Да и с каким правом я обращу свою проповедь к Бобчинским? где тот противовес, на который я мог бы опереться при этом? где он, где тот загадочный русский читатель, от которого я имел бы право ожидать оценки и одобрения?
Покуда я таким образом размышлял, Глумов молча ходил по комнате и, по-видимому, тоже что-то обдумывал. Наконец он остановился против меня и сказал:
— Знаешь ли что? ведь я на днях Петьку Износкова встретил!
— Ну, и бог с ним!
— Да ты слушай. Идет он по Морской, а в глазах у него так и светится культурность. Словом сказать, производитель во всех статьях. Встретились — ничего. Других культурных людей поблизости не случилось — стало быть, и мне втихомолку руку подать можно. Постояли, поглядели друг на друга, школьную жизнь вспомнили. Выправился он, раздобрел — страсть! В плечах — косая сажень, грудь колесом, тело крупитчатое, румянец так и хлещет во всю щеку. Так вот весь, всем нутром словно говорит: а хочешь, я сейчас тебе целую десятину унавожу! А картавит как — заслушаешься!

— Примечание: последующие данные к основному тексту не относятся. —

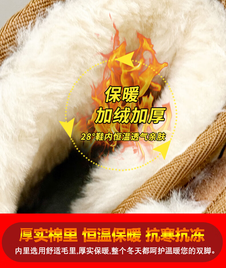 沙驰(SATCHI)男鞋【羊毛皮】防寒保暖雪地靴秋冬棉鞋舒适轻底休闲鞋男靴 卡其(H12A9G0320) 加绒 38 欧码(选小一码)
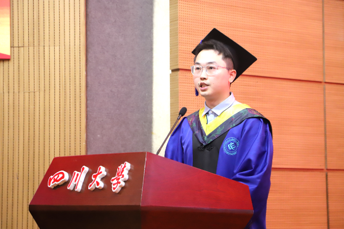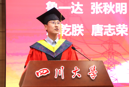 四川省优秀大学毕业生、2025届硕士毕业生黄龙同学代表全体毕业生向学校、学院及老师们致以诚挚的感谢与敬意。他讲述了自己从参与到带团队开展“专业+志愿”的实践活动经历,以及受到“时代楷模”国网成都高新连心桥党员服务队感召实现专业与社会责任融合的感悟。他号召毕业生们秉持担当,在能源电力、智能制造领域贡献川大电气学子的力量。

— И охота тебе говорить об нем!
— Вот видишь, любезный, ты об нем и говорить не хочешь, а он об тебе вспоминал! «Где, говорит, он? я, говорит, слышал, что он с мерзавцами связался?»
— И ты, разумеется, подтвердил?
— Еще бы! Да, говорю, жаль малого! скружился!
Затем Глумов, по своему обыкновению, засыпал меня анекдотами из жизнеописания русского культурного человека, так что мало-помалу и меня самого увлек в область воспоминаний об нашей совместной школьной жизни.
— А помнишь ли, — сказал я, — как мы в школе родословную Износкову сочинили: отец — Бычок, мать — Светлана, бабка — Резвая, от Громобоя и Гориславы, прапращур — сам Синеус?